→ DATA FOR THIS EXERCISE

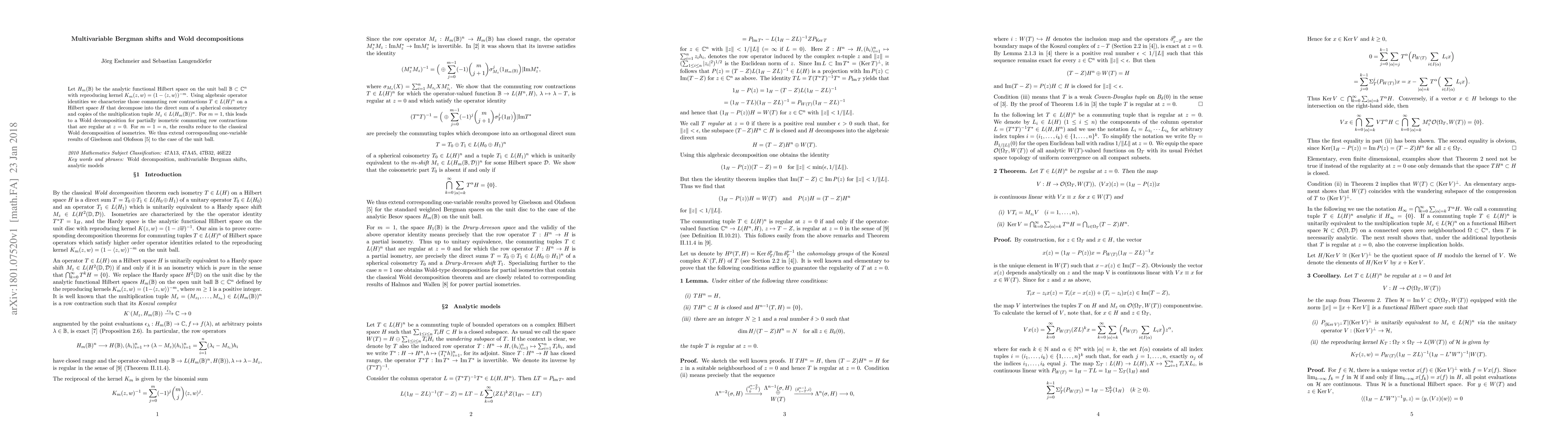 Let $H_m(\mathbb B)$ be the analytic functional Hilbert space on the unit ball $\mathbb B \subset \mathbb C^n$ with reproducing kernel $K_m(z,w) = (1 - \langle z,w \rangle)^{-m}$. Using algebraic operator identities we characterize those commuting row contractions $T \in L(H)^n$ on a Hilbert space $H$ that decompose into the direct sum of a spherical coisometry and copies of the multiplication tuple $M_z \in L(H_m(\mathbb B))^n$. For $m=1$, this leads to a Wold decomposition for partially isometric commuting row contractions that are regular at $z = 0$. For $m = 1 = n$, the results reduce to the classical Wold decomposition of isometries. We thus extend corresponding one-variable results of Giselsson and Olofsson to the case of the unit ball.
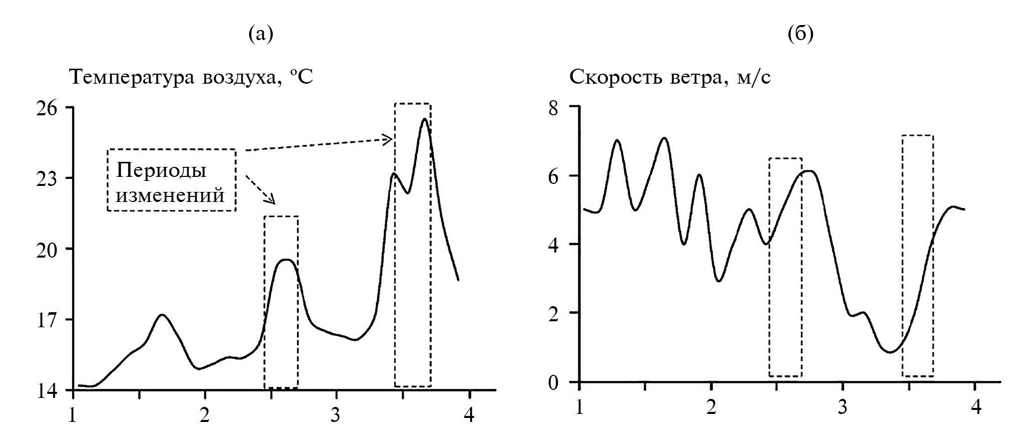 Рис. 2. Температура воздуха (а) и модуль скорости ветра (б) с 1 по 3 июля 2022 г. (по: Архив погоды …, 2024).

---

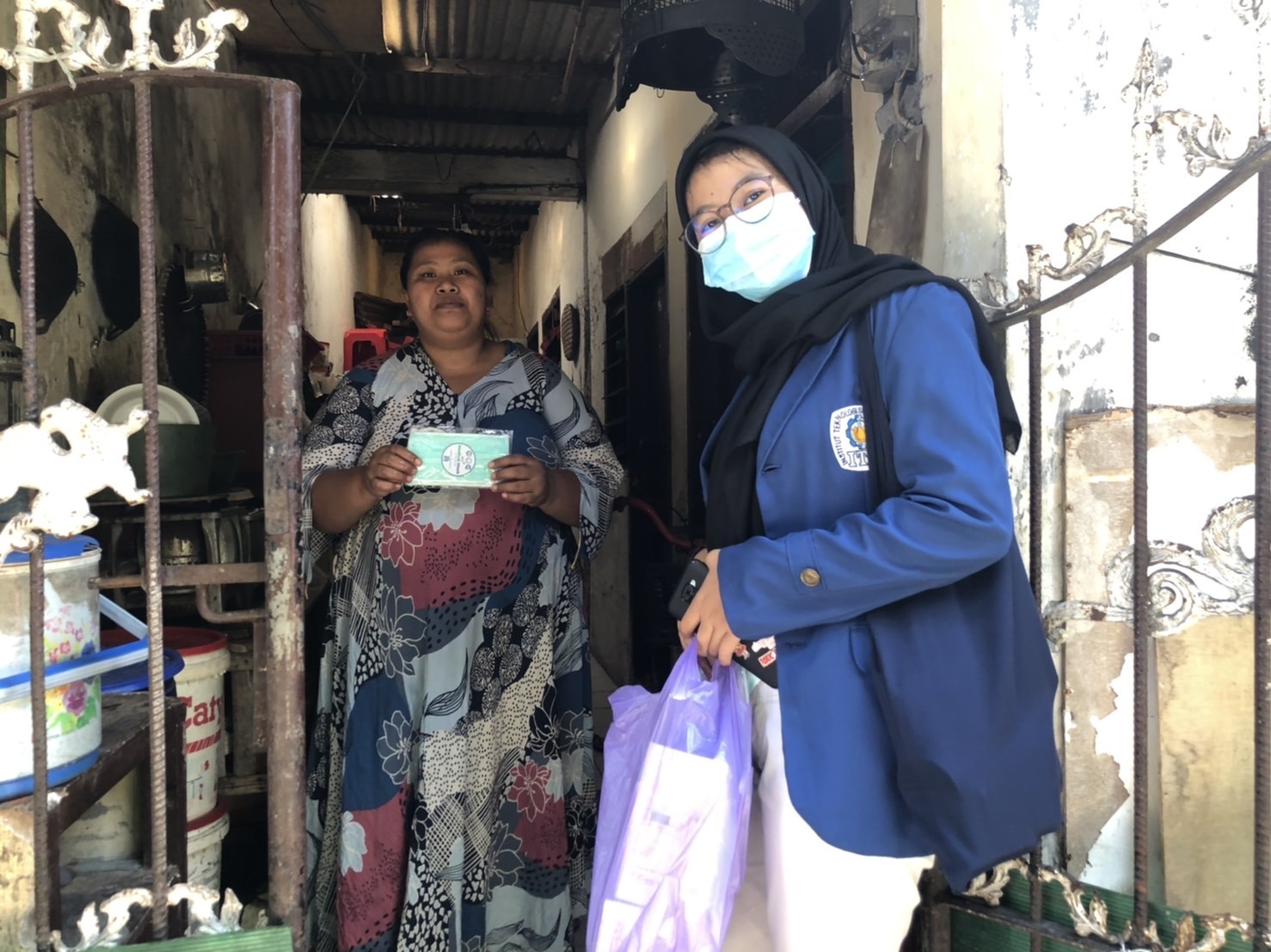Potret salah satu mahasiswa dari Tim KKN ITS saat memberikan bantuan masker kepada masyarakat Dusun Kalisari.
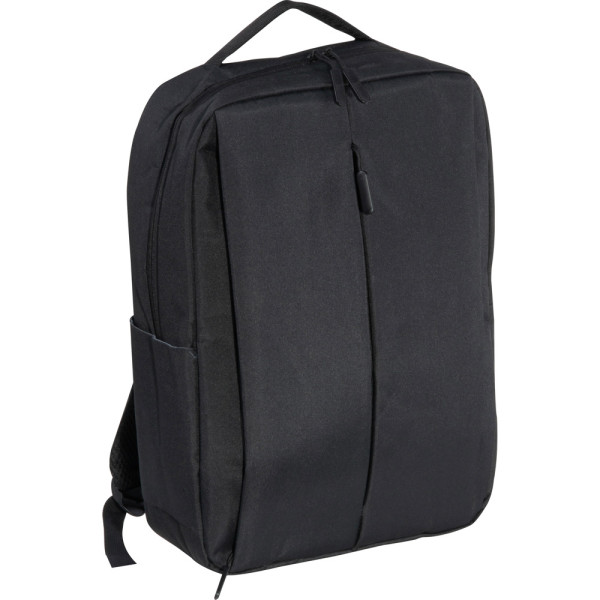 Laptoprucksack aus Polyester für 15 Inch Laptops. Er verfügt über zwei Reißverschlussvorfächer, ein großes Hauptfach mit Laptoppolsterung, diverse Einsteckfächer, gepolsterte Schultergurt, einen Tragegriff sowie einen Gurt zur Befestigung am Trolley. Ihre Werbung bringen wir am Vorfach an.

→ TASK BRIEF
The answer is the lines of the material above, from the one containing "Potret salah satu" down to the one containing "Laptoprucksack aus Polyester", given exactly and without images.

→ RESULT OF THIS TASK
Potret salah satu mahasiswa dari Tim KKN ITS saat memberikan bantuan masker kepada masyarakat Dusun Kalisari.
 Laptoprucksack aus Polyester für 15 Inch Laptops. Er verfügt über zwei Reißverschlussvorfächer, ein großes Hauptfach mit Laptoppolsterung, diverse Einsteckfächer, gepolsterte Schultergurt, einen Tragegriff sowie einen Gurt zur Befestigung am Trolley. Ihre Werbung bringen wir am Vorfach an.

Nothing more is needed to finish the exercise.